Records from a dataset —
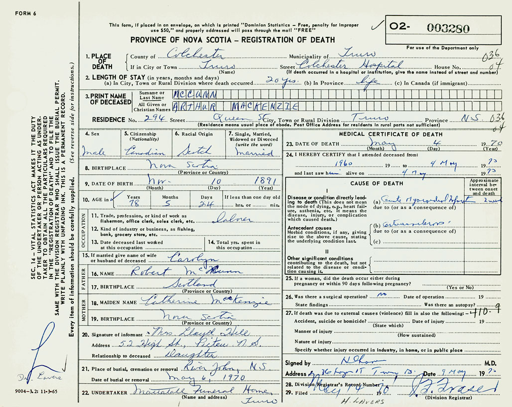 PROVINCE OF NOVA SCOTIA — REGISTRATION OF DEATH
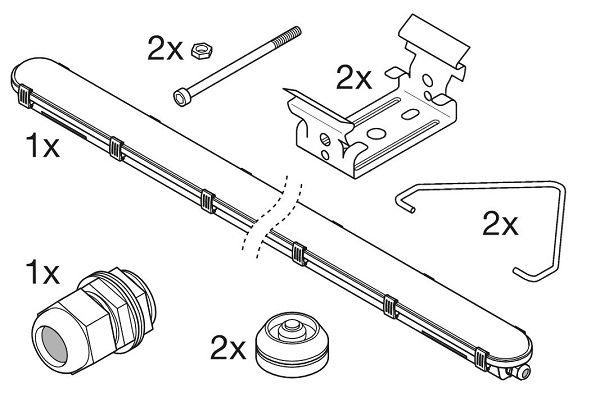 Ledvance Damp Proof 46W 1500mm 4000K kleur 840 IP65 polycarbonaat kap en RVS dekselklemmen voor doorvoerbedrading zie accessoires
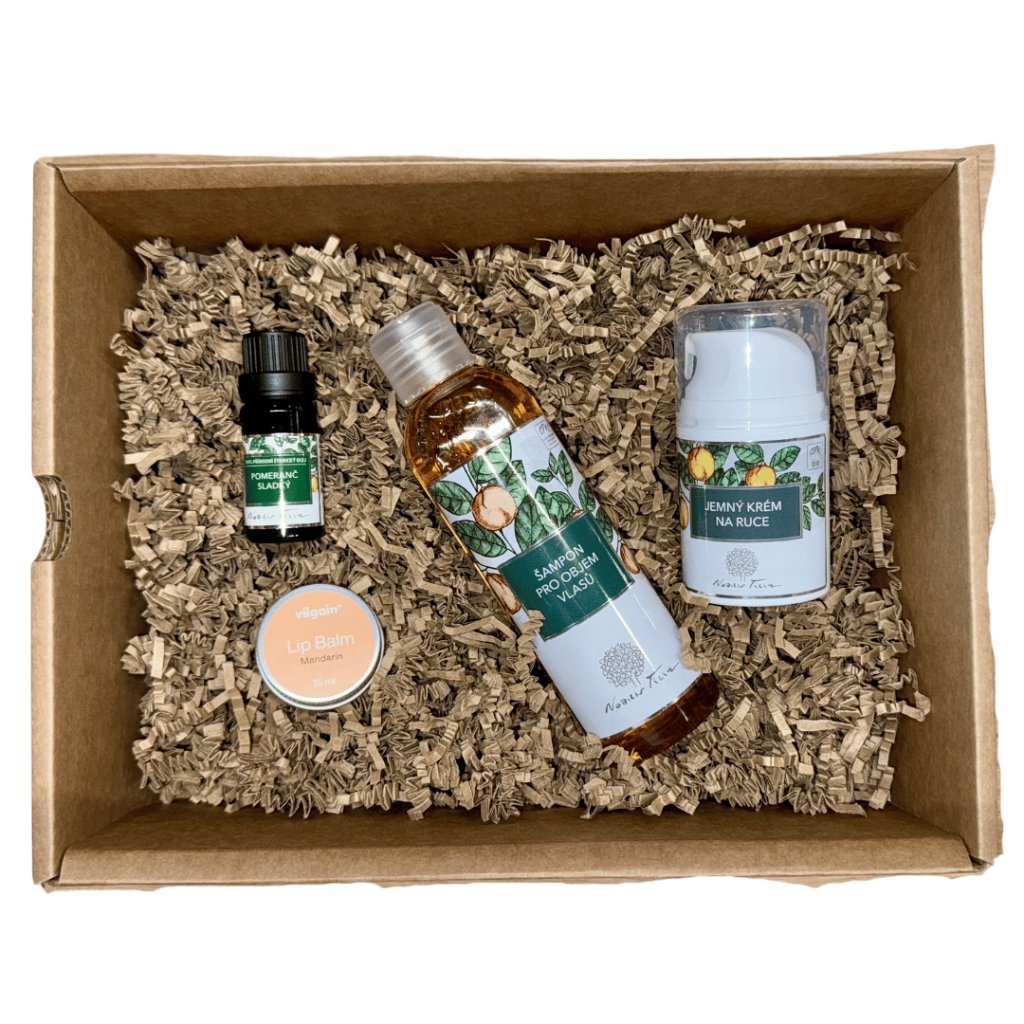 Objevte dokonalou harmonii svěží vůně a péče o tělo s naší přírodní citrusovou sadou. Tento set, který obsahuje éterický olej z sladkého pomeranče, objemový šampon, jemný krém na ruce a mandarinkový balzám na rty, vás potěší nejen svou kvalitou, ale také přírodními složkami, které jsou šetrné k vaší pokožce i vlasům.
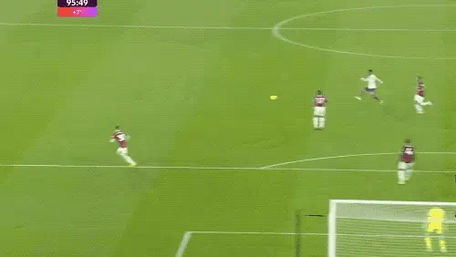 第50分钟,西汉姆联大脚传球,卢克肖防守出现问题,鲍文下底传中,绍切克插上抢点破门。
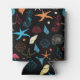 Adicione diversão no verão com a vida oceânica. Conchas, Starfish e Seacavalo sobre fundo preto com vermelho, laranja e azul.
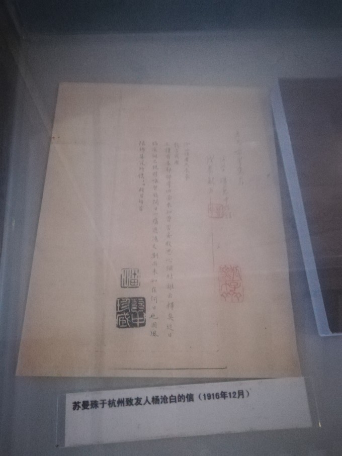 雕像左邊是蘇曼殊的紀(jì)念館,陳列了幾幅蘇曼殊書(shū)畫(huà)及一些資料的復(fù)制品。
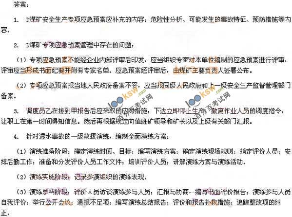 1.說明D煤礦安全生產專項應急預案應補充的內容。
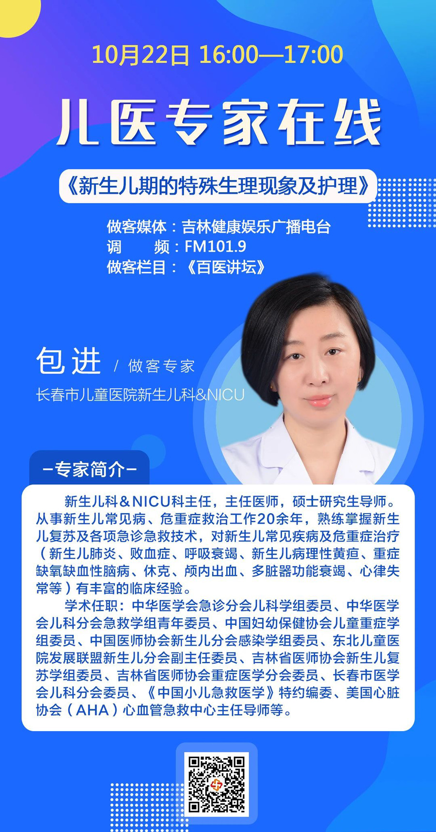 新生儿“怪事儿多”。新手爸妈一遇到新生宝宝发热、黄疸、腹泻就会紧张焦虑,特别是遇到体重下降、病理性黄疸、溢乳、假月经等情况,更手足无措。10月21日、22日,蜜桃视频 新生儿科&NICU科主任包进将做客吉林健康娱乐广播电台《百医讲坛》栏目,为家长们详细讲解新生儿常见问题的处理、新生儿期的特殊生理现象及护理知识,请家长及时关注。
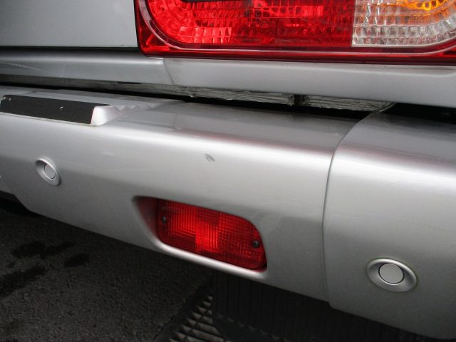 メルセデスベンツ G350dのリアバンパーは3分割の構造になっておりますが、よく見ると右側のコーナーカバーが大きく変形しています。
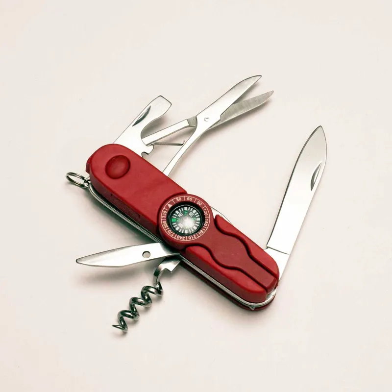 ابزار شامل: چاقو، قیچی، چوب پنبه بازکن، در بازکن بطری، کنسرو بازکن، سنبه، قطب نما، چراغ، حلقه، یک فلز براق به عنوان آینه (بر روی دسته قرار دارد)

EXERCISE DESCRIPTION — Working from the entries above, please transcribe only the lines from the line with "Ledvance Damp Proof" through the line with "第50分钟,西汉姆联大脚传球", exactly, with both end lines and without pictures.

RESPONSE TO THE TASK —
 Ledvance Damp Proof 46W 1500mm 4000K kleur 840 IP65 polycarbonaat kap en RVS dekselklemmen voor doorvoerbedrading zie accessoires
 Objevte dokonalou harmonii svěží vůně a péče o tělo s naší přírodní citrusovou sadou. Tento set, který obsahuje éterický olej z sladkého pomeranče, objemový šampon, jemný krém na ruce a mandarinkový balzám na rty, vás potěší nejen svou kvalitou, ale také přírodními složkami, které jsou šetrné k vaší pokožce i vlasům.
 第50分钟,西汉姆联大脚传球,卢克肖防守出现问题,鲍文下底传中,绍切克插上抢点破门。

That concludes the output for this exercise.